# flat box



## killerjune (Jun 18, 2011)

12-14 inch or 10-12 inch for the flat box 

thx


----------



## cazna (Mar 28, 2010)

8-12 for walls 10-14 on ceilings for me, Your need more than an inch of cover each side, The edges are so fine you easy sand through to edge of next box under, Then that line can show after paint. Sometimes.


----------



## Lovin Drywall (May 27, 2016)

I 10 ich then i 12 inch rough sand that edge and center lightly then 14 inch and on ceilings it gets checked for flatness with a 16 inch trowel and coated wider whereever it needs it because flat ceilings will look lije garbage if not checked and this happens when the 14 inch coat is still wet so theres no flashing


----------



## Lenny (Jan 20, 2018)

First coat over tape must be a 7” or 8” box to properly reduce crown. Most finishers I see today think they need to start wide which is the wrong concept. The first fill coat cannot over fill the shoulders of the Sheetrock. Running anything larger than a 7 or 8 will produce crowned shoulders and concave center which is the absolute worse thing a taper can do. 

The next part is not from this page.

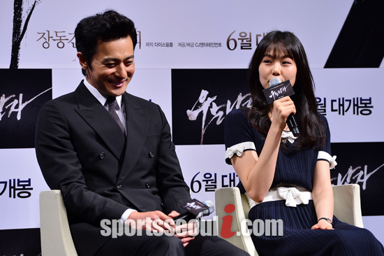 [ 압구정=남윤호 기자]배우 장동건(왼쪽)과 김민희가 8일 오전 서울 강남구 신사동 CGV 압구정점에서 열린 영화 '우는 남자'의 제작발표회에 참석해 취재진의 질문에 답하고 있다.
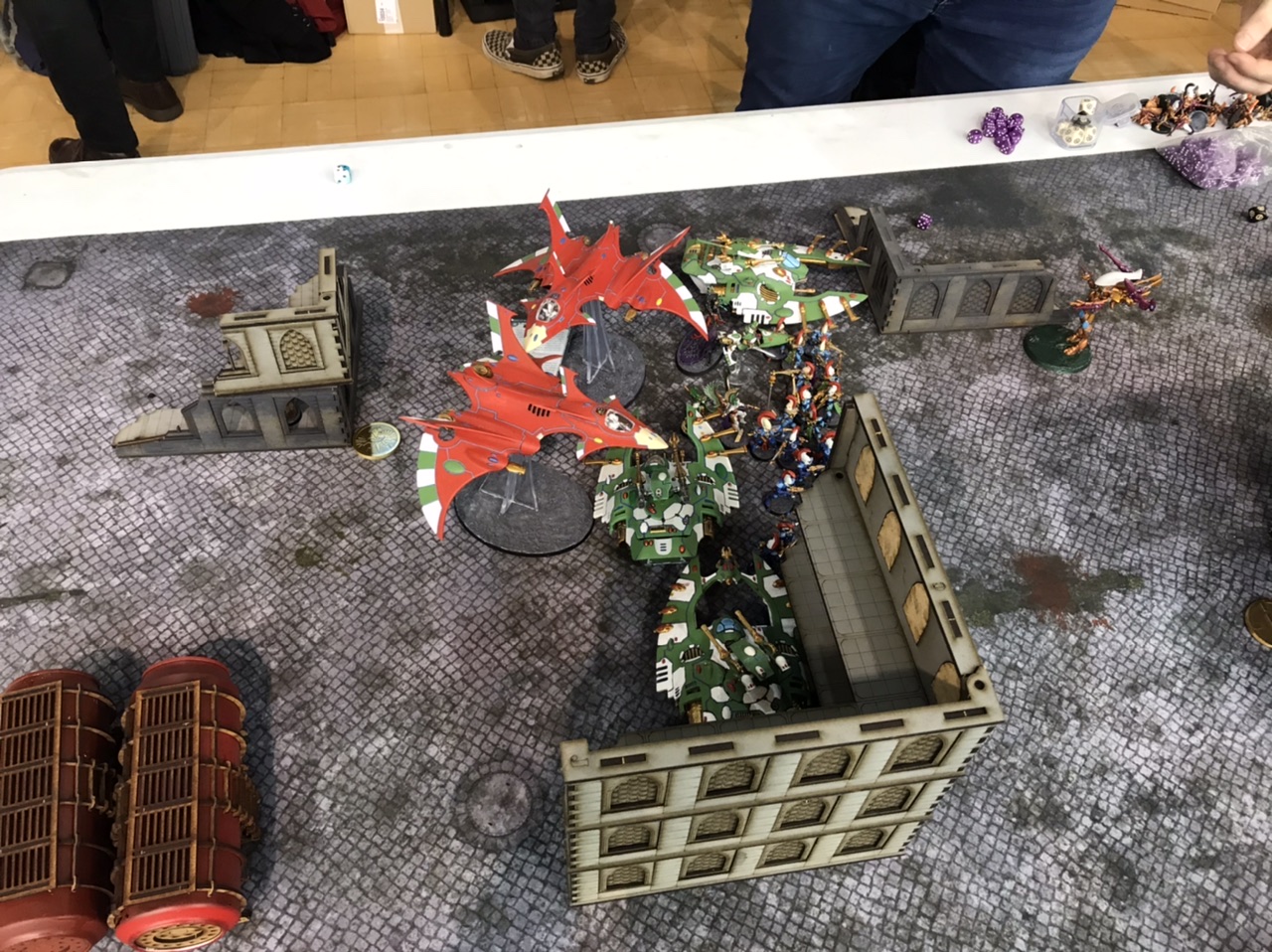 Potentially a tough game here, but some elements of his list should help me compared to other versions of this. He's a bit lower on firepower, and if I can line up a good turn of Doom shooting against the Wraithblades I can make a big hole in them, maxing Gangbusters on the way. The Crimson Hunters also immediately look pretty good - being able to go to -3 to hit actually matters a lot against this list even with all the re-rolls it has, and also makes a plane completely unhittable by a moving Wraithlord that's out of range.

I prefer a 7 box than 10 and final with a 12 box, never hand knife!


----------



## endo_alley_revisited (Aug 9, 2016)

Lenny said:


> First coat over tape must be a 7” or 8” box to properly reduce crown. Most finishers I see today think they need to start wide which is the wrong concept. The first fill coat cannot over fill the shoulders of the Sheetrock. Running anything larger than a 7 or 8 will produce crowned shoulders and concave center which is the absolute worse thing a taper can do.
> 
> I prefer a 7 box than 10 and final with a 12 box, never hand knife!


A 10" box works fine for fill coat. If you adjust the box properly and constantly check how accurate you are filling the bands, they should dry absolutely flat to the wall. If you are overfilling your bands, then you are simply not paying proper attention to your work. If you keep the blades and shoes properly adjusted there should be no edging to worry about later. A 10" box allows you to fill coat the butt joints while you are fill coating the bands. A 7" or 8" box is useless for coating butt joints.


----------



## Mur-Wall (Mar 18, 2018)

*Flat box*

Buy a 10 or a 12 and skim with a 14 trowel tight.
Builders in Quebec prefer a hand finish.


----------